A word-for-word copy of the data is what's wanted; pictures stay out of it.

**STORED DATA:**
::::
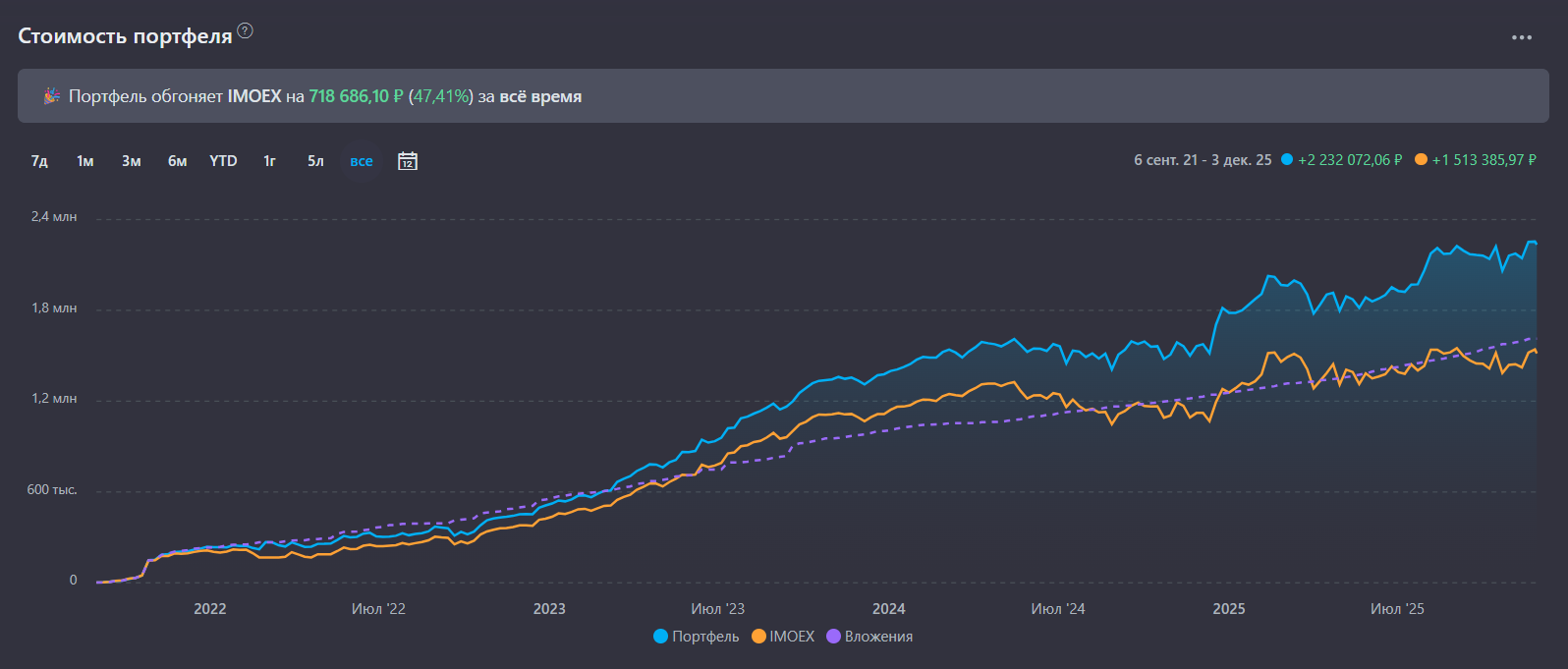 Веду невидимый бой с тенью под названием «Портфель VS IMOEX». За все время моего инвестирования, мой портфель обгоняет индекс на 718 686 ₽ или +47%. В какой-то момент мой портфель оторвался от индекса и эта тенденция сохраняется.
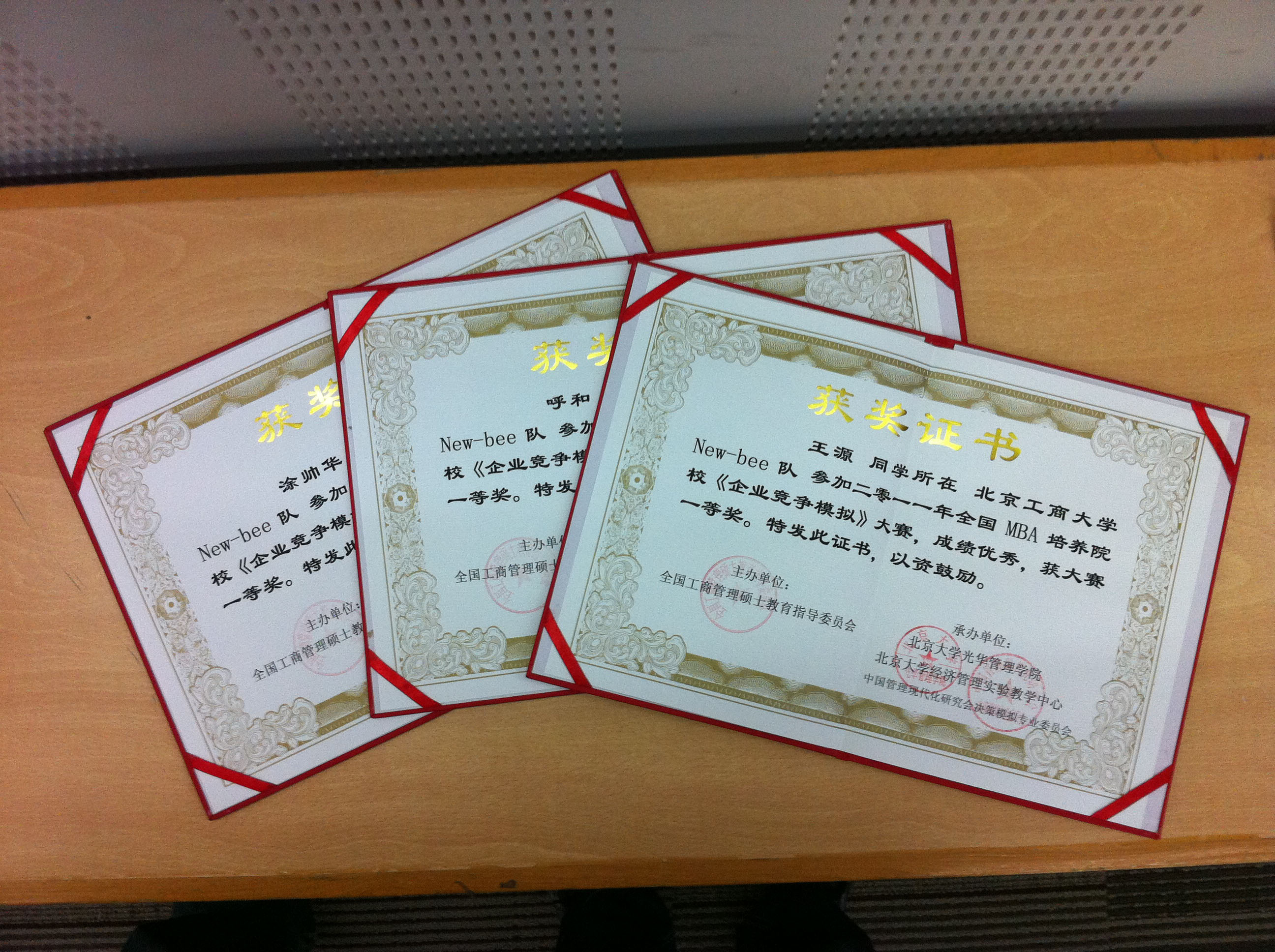 在5月1日結束的“全國MBA培養院校企業競爭模擬大賽”全國總決賽中,我校商學院學生涂帥華等組成的“新蜜蜂”代表隊,在文科實踐中心陳冰、王瀅、徐鳳老師的指導和組織下獲得了一等獎。參加此次總決賽的有來自全國23個省(市、自治區)的73所高校的570支代表隊。參賽學校的踴躍程度超過歷史上任何一屆,同濟大學、吉林大學、上海海事大學、安徽大學等高校均參加了比賽。我校代表隊在比賽中成績突出,奪得了總決賽的一等獎。
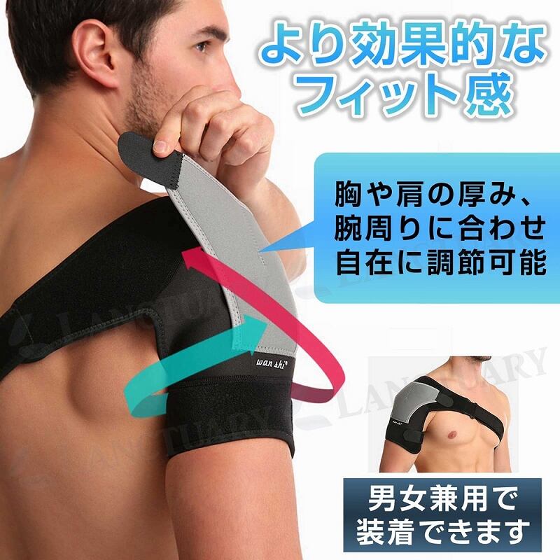 スポーツ時の使用や怪我のサポート、四十肩や五十肩などの加齢による肩の痛みや負担軽減、リハビリにもご使用いただけます。また長時間のデスクワークなどによる作業の肩こりや痛みの軽減のご使用もおすすめです。主な仕様 【サイズ】
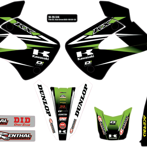 Caracteristicas: Includes graphics kit for radiator shroud, lower forks, swingarm, front and rear fender
::::
**SOLUTION TO THE EXERCISE:**
 Веду невидимый бой с тенью под названием «Портфель VS IMOEX». За все время моего инвестирования, мой портфель обгоняет индекс на 718 686 ₽ или +47%. В какой-то момент мой портфель оторвался от индекса и эта тенденция сохраняется.
 在5月1日結束的“全國MBA培養院校企業競爭模擬大賽”全國總決賽中,我校商學院學生涂帥華等組成的“新蜜蜂”代表隊,在文科實踐中心陳冰、王瀅、徐鳳老師的指導和組織下獲得了一等獎。參加此次總決賽的有來自全國23個省(市、自治區)的73所高校的570支代表隊。參賽學校的踴躍程度超過歷史上任何一屆,同濟大學、吉林大學、上海海事大學、安徽大學等高校均參加了比賽。我校代表隊在比賽中成績突出,奪得了總決賽的一等獎。
 スポーツ時の使用や怪我のサポート、四十肩や五十肩などの加齢による肩の痛みや負担軽減、リハビリにもご使用いただけます。また長時間のデスクワークなどによる作業の肩こりや痛みの軽減のご使用もおすすめです。主な仕様 【サイズ】
 Caracteristicas: Includes graphics kit for radiator shroud, lower forks, swingarm, front and rear fender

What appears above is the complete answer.